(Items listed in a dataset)
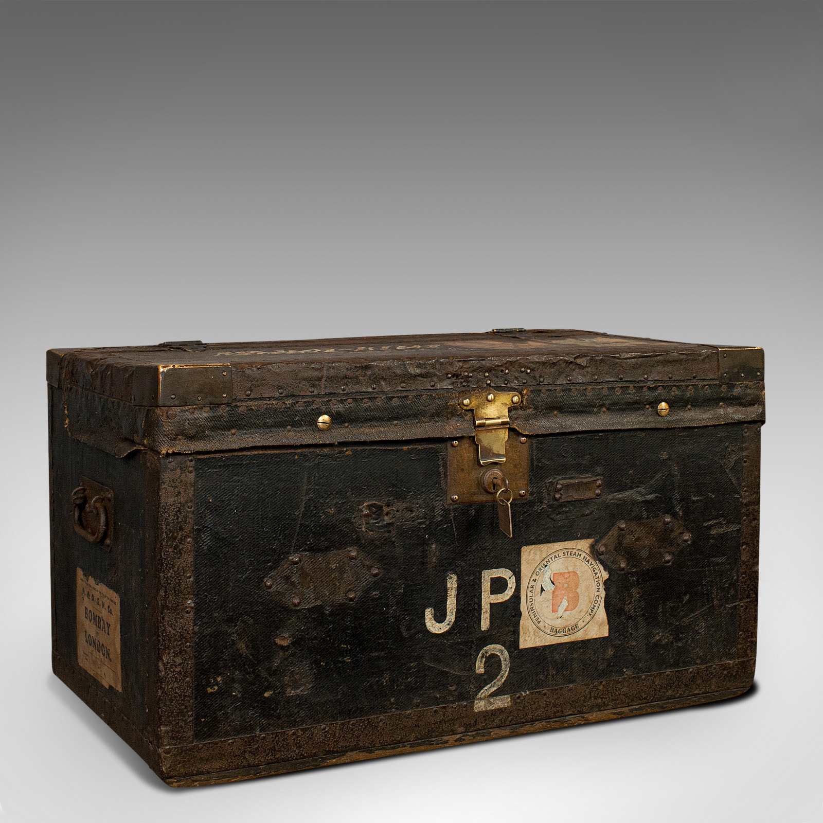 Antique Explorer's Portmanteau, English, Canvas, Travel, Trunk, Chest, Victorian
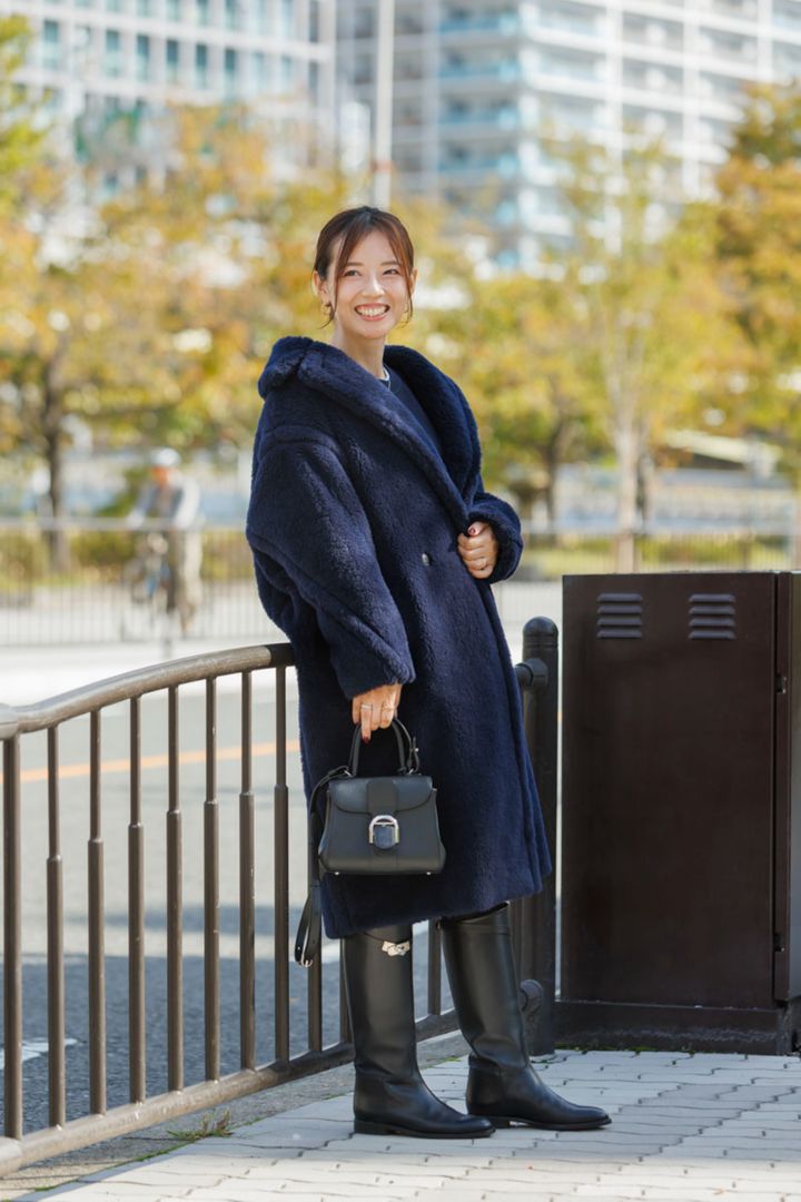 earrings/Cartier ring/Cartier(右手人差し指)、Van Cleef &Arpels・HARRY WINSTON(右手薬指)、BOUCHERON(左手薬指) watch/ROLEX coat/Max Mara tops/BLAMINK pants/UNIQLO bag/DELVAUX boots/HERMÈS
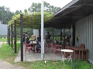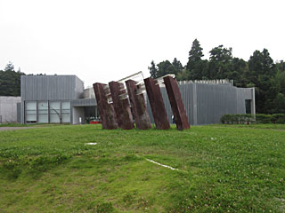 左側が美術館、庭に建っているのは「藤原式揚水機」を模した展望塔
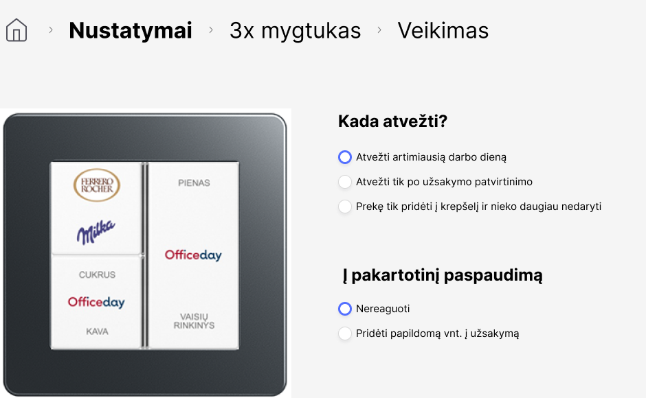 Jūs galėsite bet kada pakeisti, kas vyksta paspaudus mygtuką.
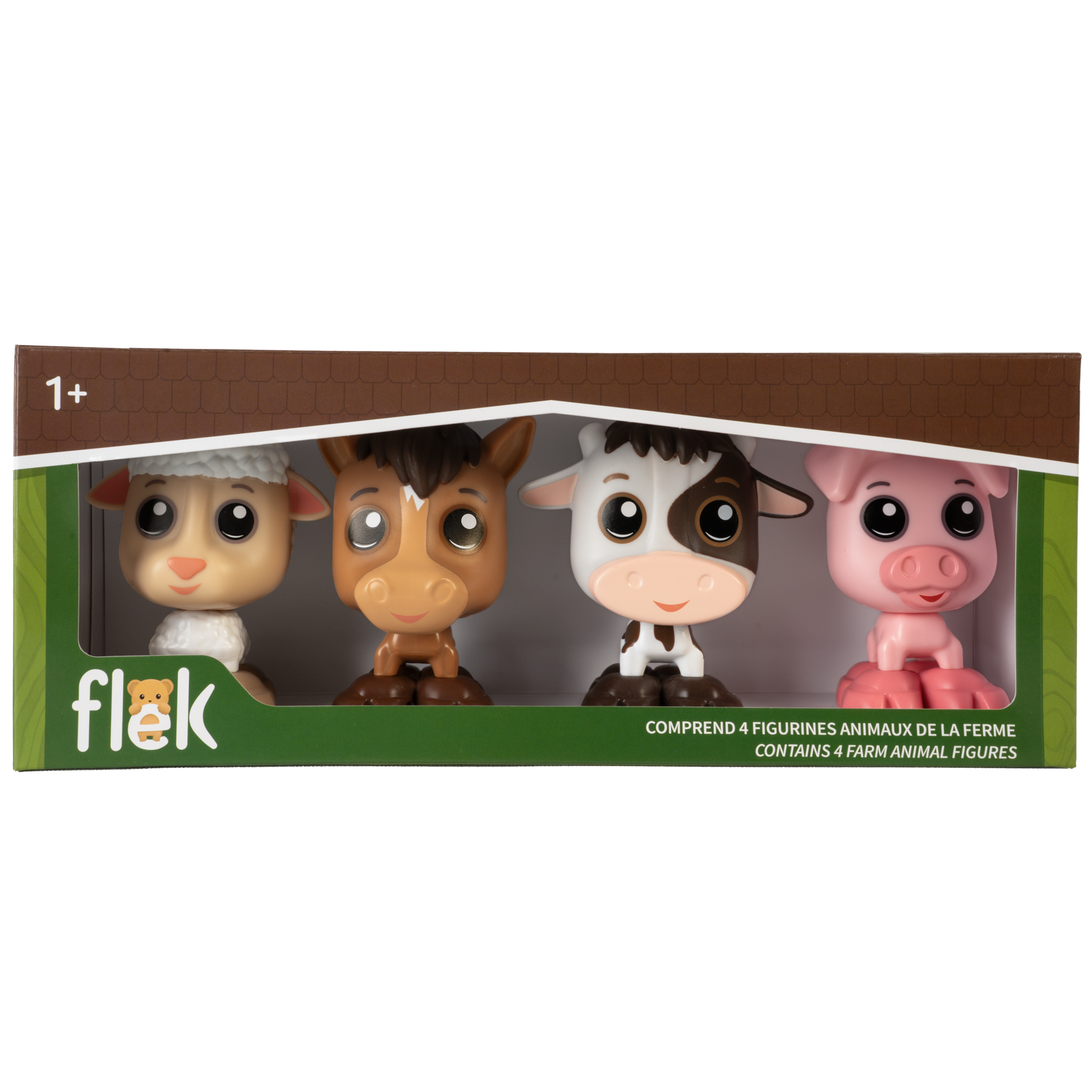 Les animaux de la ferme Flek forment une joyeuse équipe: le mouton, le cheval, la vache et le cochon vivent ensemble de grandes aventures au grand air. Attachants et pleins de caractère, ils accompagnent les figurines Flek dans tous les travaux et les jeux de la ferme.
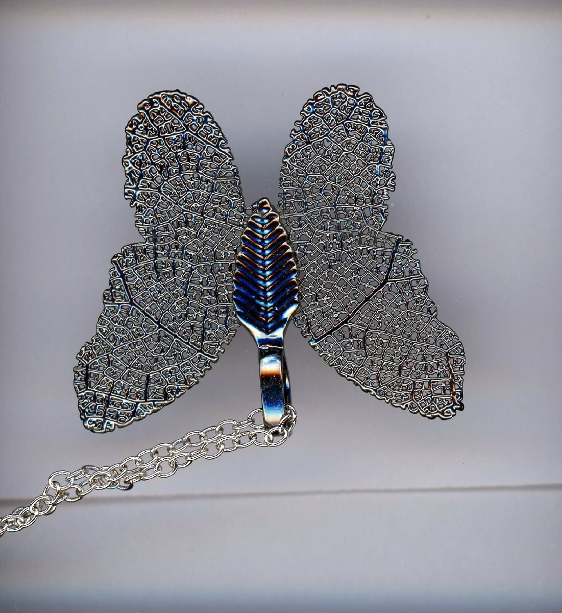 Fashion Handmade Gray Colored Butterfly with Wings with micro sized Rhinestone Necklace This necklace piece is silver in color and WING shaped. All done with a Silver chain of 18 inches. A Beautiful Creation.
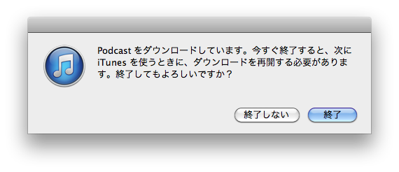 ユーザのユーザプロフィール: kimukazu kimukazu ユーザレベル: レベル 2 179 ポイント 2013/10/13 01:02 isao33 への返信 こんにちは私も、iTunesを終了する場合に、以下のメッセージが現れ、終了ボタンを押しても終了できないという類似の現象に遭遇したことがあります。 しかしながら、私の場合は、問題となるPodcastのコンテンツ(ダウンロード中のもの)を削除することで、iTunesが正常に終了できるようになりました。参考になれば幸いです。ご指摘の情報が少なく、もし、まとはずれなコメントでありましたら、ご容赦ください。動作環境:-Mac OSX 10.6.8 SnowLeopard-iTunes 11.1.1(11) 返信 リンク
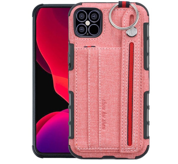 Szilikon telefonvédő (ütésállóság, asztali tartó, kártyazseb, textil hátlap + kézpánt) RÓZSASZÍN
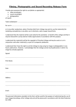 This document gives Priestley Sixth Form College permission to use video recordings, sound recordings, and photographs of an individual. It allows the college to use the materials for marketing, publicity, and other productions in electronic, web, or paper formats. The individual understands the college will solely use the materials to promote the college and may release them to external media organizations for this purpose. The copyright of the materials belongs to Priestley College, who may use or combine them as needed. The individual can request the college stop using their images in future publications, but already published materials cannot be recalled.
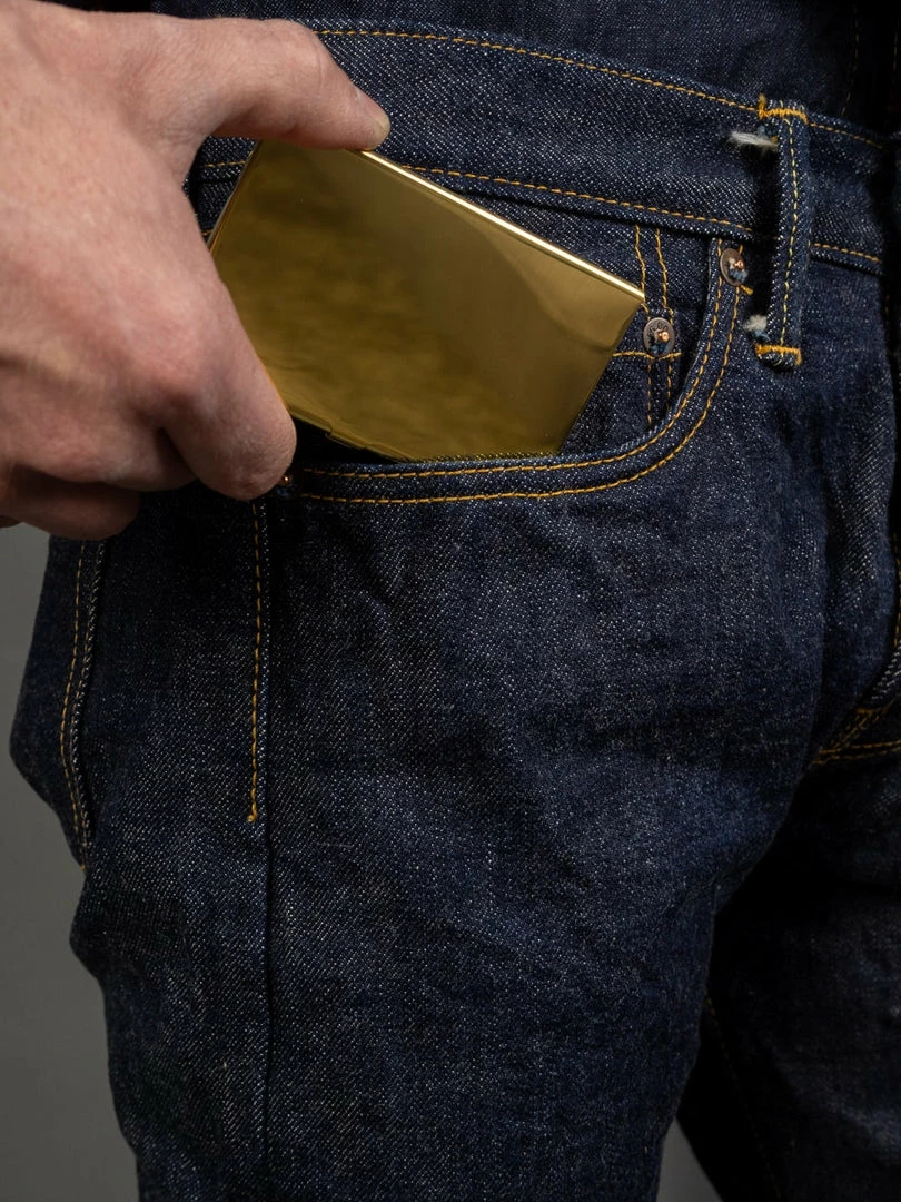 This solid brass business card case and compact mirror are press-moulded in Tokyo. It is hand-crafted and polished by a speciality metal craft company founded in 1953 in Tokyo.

• _What is needed_
Each line from the one that contains "earrings/Cartier ring/Cartier(右手人差し指)、Van Cleef" down to the one that contains "Szilikon telefonvédő (ütésállóság, asztali" is to be returned exactly as it stands above, both ends included, with pictures removed.

• _Result for this exercise_
 earrings/Cartier ring/Cartier(右手人差し指)、Van Cleef &Arpels・HARRY WINSTON(右手薬指)、BOUCHERON(左手薬指) watch/ROLEX coat/Max Mara tops/BLAMINK pants/UNIQLO bag/DELVAUX boots/HERMÈS
 左側が美術館、庭に建っているのは「藤原式揚水機」を模した展望塔
 Jūs galėsite bet kada pakeisti, kas vyksta paspaudus mygtuką.
 Les animaux de la ferme Flek forment une joyeuse équipe: le mouton, le cheval, la vache et le cochon vivent ensemble de grandes aventures au grand air. Attachants et pleins de caractère, ils accompagnent les figurines Flek dans tous les travaux et les jeux de la ferme.
 Fashion Handmade Gray Colored Butterfly with Wings with micro sized Rhinestone Necklace This necklace piece is silver in color and WING shaped. All done with a Silver chain of 18 inches. A Beautiful Creation.
 ユーザのユーザプロフィール: kimukazu kimukazu ユーザレベル: レベル 2 179 ポイント 2013/10/13 01:02 isao33 への返信 こんにちは私も、iTunesを終了する場合に、以下のメッセージが現れ、終了ボタンを押しても終了できないという類似の現象に遭遇したことがあります。 しかしながら、私の場合は、問題となるPodcastのコンテンツ(ダウンロード中のもの)を削除することで、iTunesが正常に終了できるようになりました。参考になれば幸いです。ご指摘の情報が少なく、もし、まとはずれなコメントでありましたら、ご容赦ください。動作環境:-Mac OSX 10.6.8 SnowLeopard-iTunes 11.1.1(11) 返信 リンク
 Szilikon telefonvédő (ütésállóság, asztali tartó, kártyazseb, textil hátlap + kézpánt) RÓZSASZÍN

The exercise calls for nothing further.